━━━ Input for this task ━━━

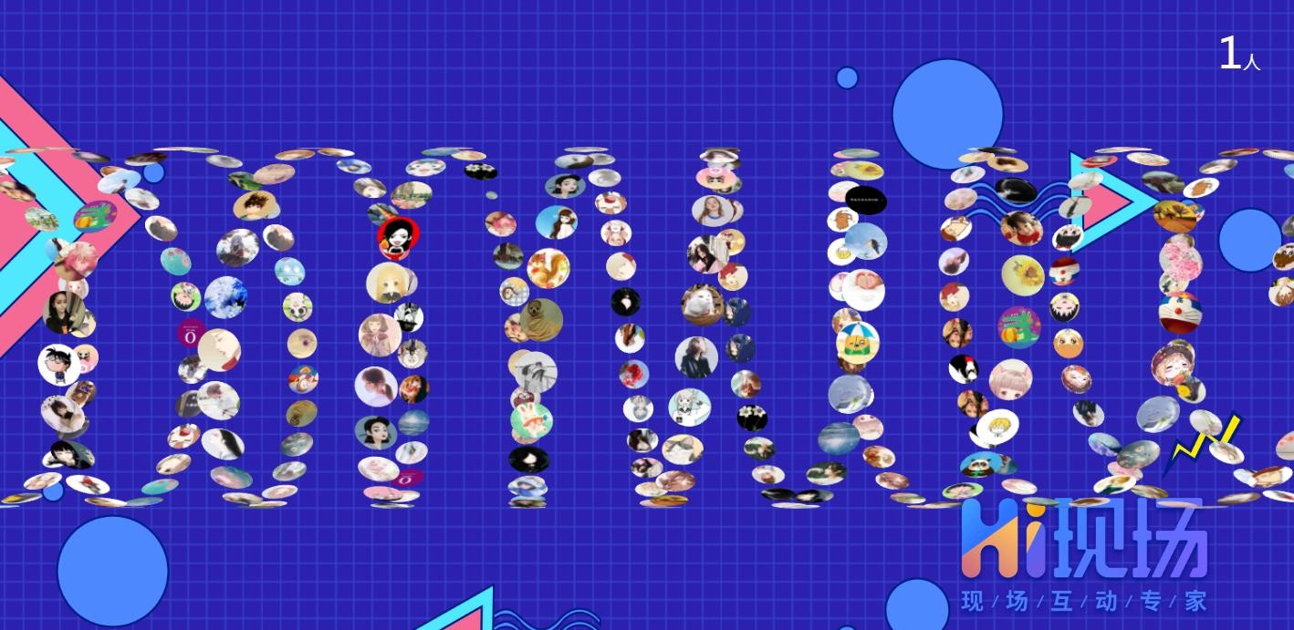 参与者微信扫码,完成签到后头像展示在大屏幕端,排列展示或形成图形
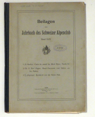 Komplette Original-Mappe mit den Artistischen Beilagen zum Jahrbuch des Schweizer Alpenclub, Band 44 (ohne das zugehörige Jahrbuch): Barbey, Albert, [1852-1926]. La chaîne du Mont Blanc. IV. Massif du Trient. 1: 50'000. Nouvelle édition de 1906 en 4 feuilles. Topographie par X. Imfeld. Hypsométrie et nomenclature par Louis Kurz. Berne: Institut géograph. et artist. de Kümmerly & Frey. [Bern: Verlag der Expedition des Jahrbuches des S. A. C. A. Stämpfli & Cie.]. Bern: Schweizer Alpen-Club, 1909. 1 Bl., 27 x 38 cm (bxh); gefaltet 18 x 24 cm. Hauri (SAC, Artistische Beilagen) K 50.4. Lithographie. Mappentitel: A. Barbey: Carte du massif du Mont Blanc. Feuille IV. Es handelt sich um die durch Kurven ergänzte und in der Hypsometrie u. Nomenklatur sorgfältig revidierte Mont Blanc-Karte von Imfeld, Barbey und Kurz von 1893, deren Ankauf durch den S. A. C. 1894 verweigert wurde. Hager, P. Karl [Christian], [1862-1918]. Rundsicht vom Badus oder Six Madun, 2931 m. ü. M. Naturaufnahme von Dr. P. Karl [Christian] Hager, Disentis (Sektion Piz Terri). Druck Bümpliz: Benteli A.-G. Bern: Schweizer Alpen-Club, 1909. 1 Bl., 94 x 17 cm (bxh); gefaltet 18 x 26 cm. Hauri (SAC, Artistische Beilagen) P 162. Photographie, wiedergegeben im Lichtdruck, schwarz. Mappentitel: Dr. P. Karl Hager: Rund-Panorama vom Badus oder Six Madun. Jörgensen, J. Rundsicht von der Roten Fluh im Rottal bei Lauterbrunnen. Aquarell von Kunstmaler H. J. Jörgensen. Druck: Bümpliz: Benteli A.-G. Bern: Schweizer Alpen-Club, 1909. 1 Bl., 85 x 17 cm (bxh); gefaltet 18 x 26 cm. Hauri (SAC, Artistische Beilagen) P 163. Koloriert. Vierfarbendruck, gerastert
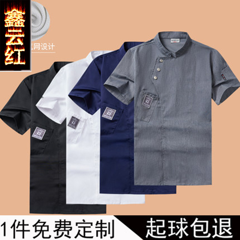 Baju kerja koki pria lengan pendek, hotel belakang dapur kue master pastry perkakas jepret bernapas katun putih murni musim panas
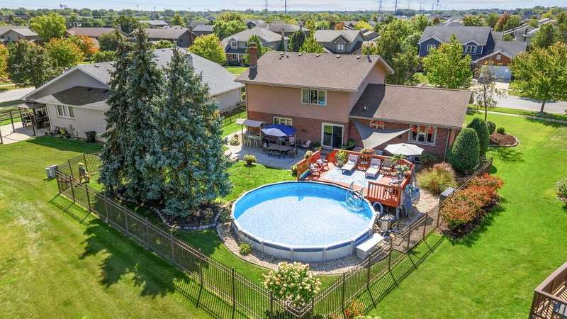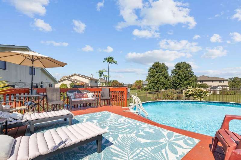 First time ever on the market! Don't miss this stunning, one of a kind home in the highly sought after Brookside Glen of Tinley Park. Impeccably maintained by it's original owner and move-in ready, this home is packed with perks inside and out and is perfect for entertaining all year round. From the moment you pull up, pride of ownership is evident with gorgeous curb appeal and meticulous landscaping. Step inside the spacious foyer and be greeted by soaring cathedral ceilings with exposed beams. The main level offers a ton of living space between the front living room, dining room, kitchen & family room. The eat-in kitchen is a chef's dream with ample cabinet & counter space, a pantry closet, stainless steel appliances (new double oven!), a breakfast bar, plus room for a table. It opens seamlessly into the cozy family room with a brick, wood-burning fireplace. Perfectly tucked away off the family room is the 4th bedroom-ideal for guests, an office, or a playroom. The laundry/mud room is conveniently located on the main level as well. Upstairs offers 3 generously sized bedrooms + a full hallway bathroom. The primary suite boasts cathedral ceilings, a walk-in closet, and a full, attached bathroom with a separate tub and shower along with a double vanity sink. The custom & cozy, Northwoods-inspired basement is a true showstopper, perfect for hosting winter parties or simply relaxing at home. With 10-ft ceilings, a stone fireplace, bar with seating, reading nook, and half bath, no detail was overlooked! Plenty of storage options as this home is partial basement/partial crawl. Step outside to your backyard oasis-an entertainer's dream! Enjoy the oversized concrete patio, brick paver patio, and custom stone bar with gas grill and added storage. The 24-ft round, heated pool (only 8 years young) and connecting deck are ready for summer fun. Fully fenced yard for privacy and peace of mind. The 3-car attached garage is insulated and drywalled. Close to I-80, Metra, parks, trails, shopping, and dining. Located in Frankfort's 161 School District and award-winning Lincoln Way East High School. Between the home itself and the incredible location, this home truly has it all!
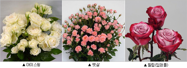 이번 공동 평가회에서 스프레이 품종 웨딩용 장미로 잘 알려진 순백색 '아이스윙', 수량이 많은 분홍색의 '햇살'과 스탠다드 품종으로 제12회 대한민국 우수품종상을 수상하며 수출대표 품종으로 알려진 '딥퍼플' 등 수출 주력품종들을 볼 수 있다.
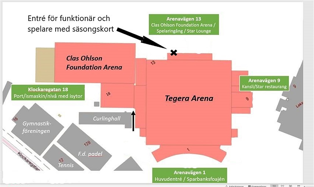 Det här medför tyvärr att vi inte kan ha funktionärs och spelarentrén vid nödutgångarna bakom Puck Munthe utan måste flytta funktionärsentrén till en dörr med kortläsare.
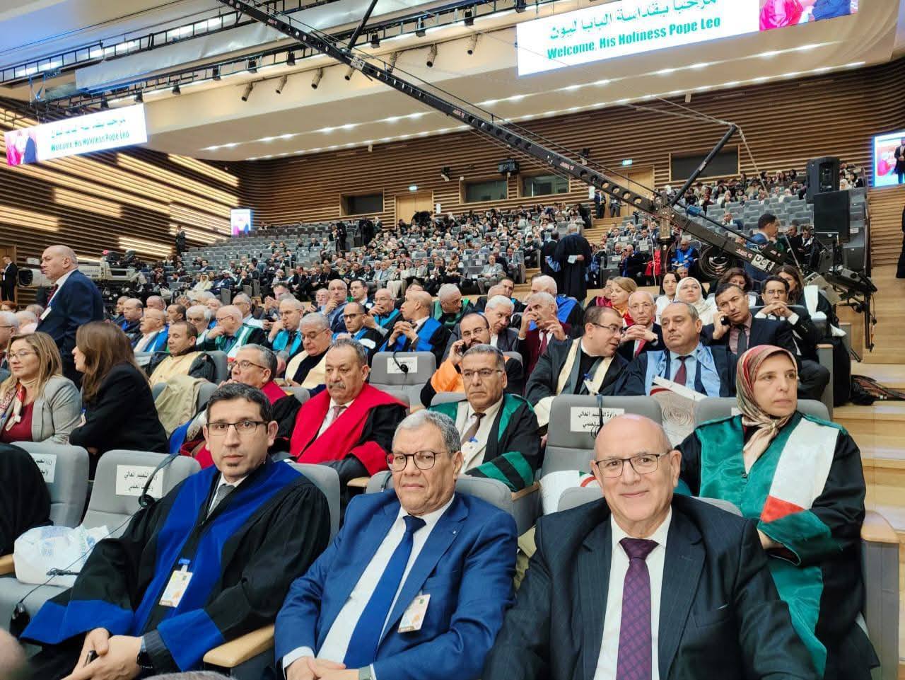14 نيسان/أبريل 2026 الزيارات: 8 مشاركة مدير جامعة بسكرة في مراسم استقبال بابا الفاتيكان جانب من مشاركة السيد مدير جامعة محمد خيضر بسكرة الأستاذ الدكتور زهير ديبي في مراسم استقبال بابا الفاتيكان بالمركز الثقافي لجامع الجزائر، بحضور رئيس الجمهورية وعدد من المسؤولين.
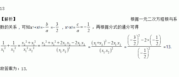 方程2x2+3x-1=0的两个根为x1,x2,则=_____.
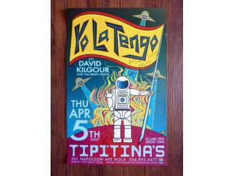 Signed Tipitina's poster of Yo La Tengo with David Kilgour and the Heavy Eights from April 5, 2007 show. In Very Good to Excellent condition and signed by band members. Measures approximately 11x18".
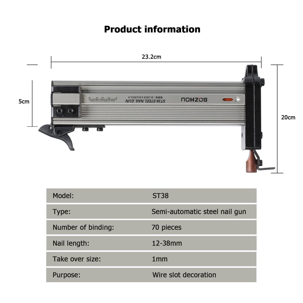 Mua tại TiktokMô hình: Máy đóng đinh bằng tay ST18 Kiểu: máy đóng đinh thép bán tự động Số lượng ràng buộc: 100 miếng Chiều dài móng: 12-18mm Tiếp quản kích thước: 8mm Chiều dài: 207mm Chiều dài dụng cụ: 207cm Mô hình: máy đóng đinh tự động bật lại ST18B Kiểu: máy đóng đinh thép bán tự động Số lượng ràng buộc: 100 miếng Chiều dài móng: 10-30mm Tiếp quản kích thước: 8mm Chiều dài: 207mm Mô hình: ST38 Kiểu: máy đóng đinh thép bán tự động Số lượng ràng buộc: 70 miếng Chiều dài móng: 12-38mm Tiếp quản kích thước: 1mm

━━━
━━━ Input for this task ━━━

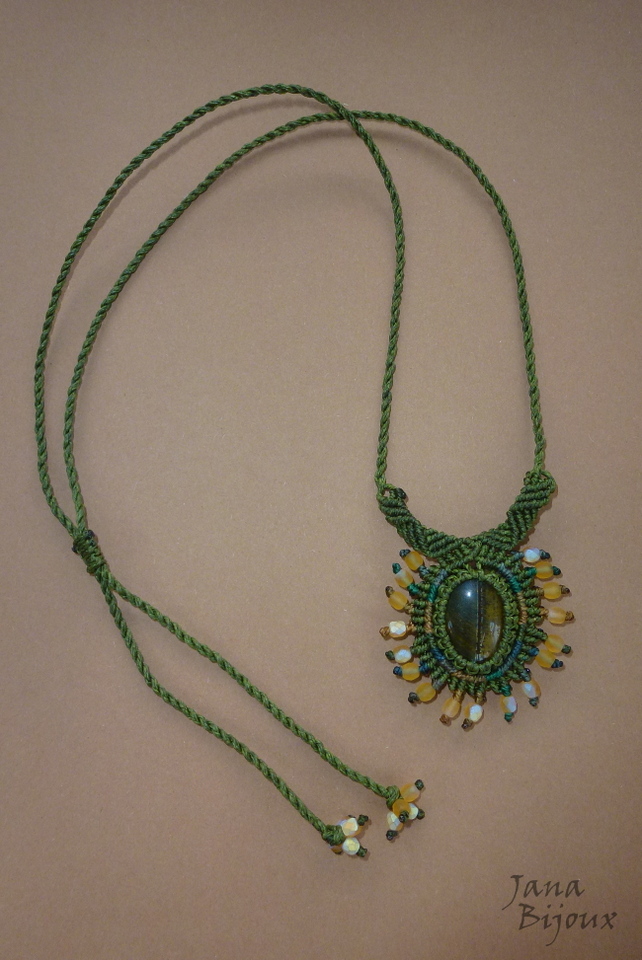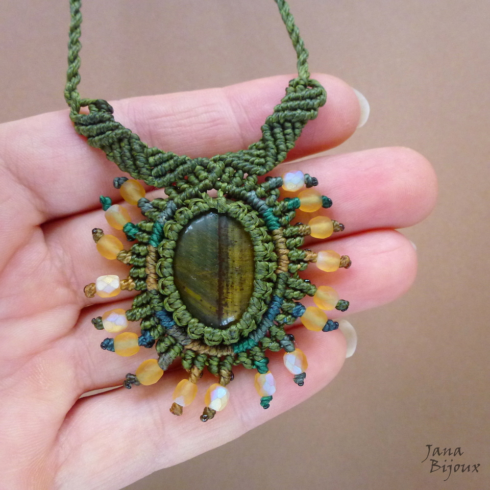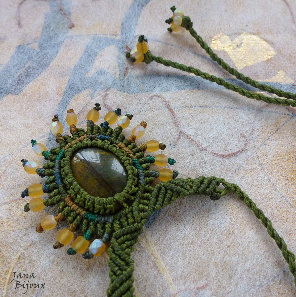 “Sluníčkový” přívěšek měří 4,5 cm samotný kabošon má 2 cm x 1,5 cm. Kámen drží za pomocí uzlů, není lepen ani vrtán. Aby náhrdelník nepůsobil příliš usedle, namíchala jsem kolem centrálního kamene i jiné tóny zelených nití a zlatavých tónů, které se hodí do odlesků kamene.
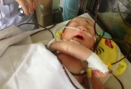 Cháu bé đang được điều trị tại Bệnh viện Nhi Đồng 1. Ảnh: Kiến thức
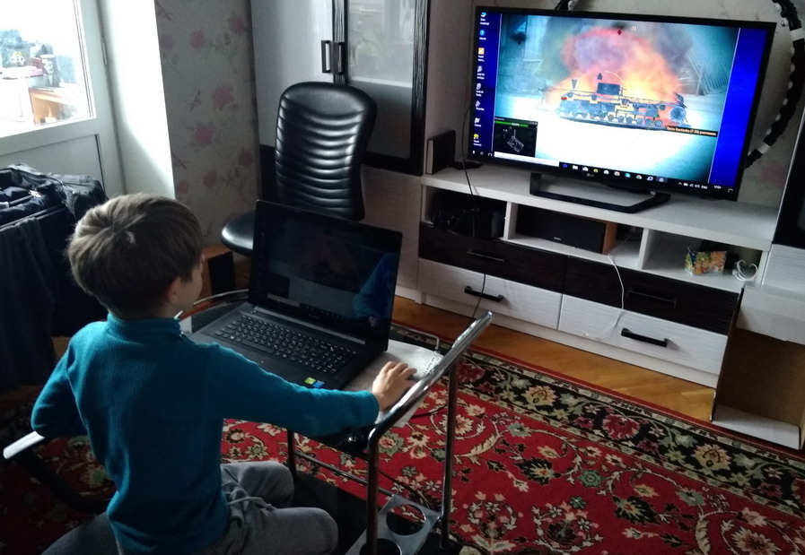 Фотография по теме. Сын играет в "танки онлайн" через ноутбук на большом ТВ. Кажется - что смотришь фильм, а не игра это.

━━━

Out of the records above, set down only the lines from the one that contains "14 نيسان/أبريل 2026" through the one that contains "Mua tại TiktokMô", unchanged and without the pictures.

14 نيسان/أبريل 2026 الزيارات: 8 مشاركة مدير جامعة بسكرة في مراسم استقبال بابا الفاتيكان جانب من مشاركة السيد مدير جامعة محمد خيضر بسكرة الأستاذ الدكتور زهير ديبي في مراسم استقبال بابا الفاتيكان بالمركز الثقافي لجامع الجزائر، بحضور رئيس الجمهورية وعدد من المسؤولين.
 方程2x2+3x-1=0的两个根为x1,x2,则=_____.
 Signed Tipitina's poster of Yo La Tengo with David Kilgour and the Heavy Eights from April 5, 2007 show. In Very Good to Excellent condition and signed by band members. Measures approximately 11x18".
 Mua tại TiktokMô hình: Máy đóng đinh bằng tay ST18 Kiểu: máy đóng đinh thép bán tự động Số lượng ràng buộc: 100 miếng Chiều dài móng: 12-18mm Tiếp quản kích thước: 8mm Chiều dài: 207mm Chiều dài dụng cụ: 207cm Mô hình: máy đóng đinh tự động bật lại ST18B Kiểu: máy đóng đinh thép bán tự động Số lượng ràng buộc: 100 miếng Chiều dài móng: 10-30mm Tiếp quản kích thước: 8mm Chiều dài: 207mm Mô hình: ST38 Kiểu: máy đóng đinh thép bán tự động Số lượng ràng buộc: 70 miếng Chiều dài móng: 12-38mm Tiếp quản kích thước: 1mm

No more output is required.